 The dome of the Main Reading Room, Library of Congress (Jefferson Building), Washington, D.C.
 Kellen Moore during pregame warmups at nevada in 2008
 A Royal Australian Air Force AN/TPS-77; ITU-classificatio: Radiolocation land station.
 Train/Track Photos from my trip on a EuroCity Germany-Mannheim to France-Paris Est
----
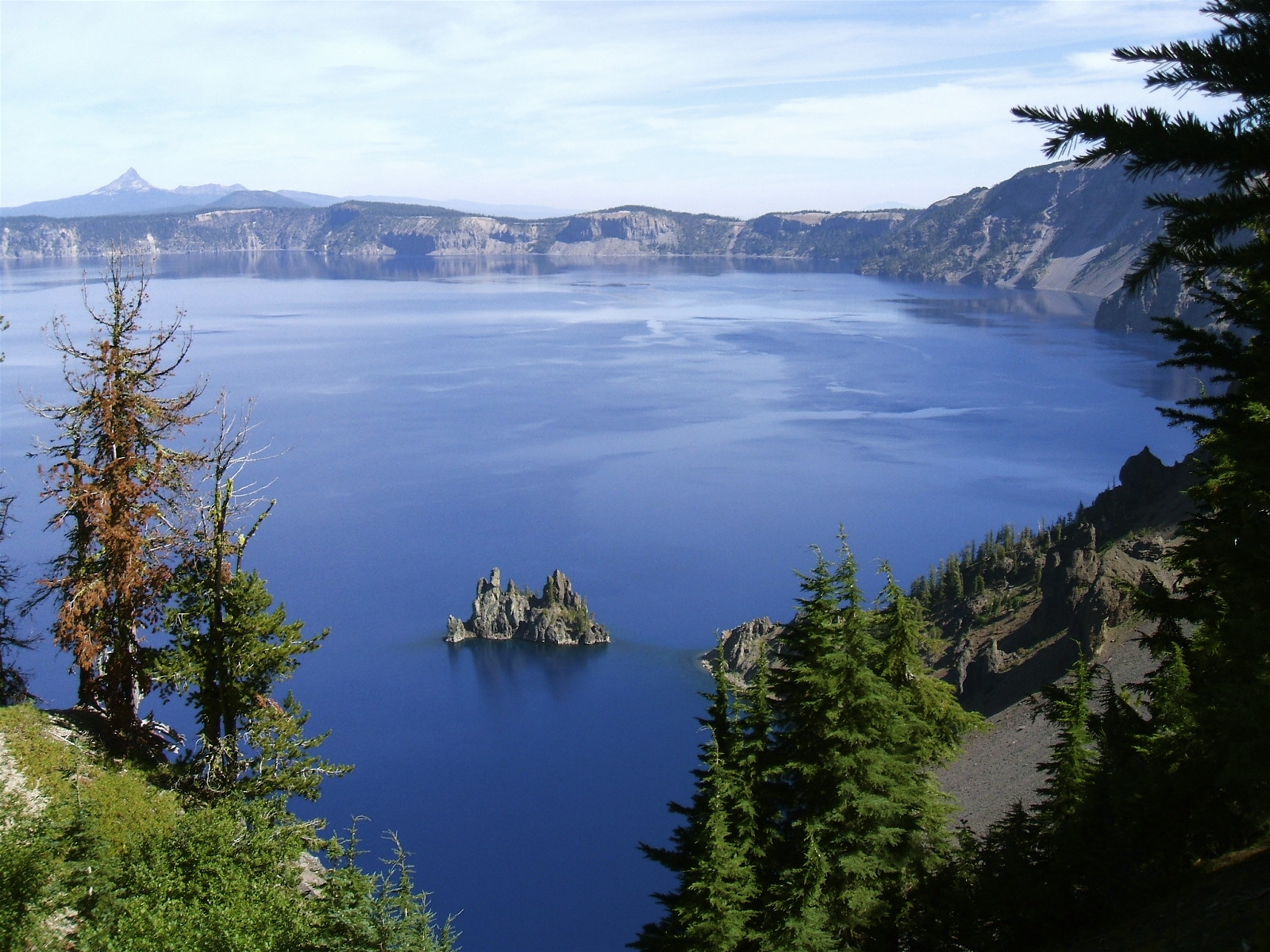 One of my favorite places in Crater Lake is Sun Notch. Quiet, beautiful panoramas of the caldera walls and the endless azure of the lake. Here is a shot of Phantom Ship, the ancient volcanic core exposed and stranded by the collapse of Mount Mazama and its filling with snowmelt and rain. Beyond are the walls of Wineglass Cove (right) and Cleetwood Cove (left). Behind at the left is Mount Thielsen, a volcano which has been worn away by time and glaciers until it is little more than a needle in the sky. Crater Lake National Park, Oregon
----
#### Task objective
From the line holding "The dome of" to the line holding "Train/Track Photos from", inclusive, restate each line above exactly as written.

#### Solution
 The dome of the Main Reading Room, Library of Congress (Jefferson Building), Washington, D.C.
 Kellen Moore during pregame warmups at nevada in 2008
 A Royal Australian Air Force AN/TPS-77; ITU-classificatio: Radiolocation land station.
 Train/Track Photos from my trip on a EuroCity Germany-Mannheim to France-Paris Est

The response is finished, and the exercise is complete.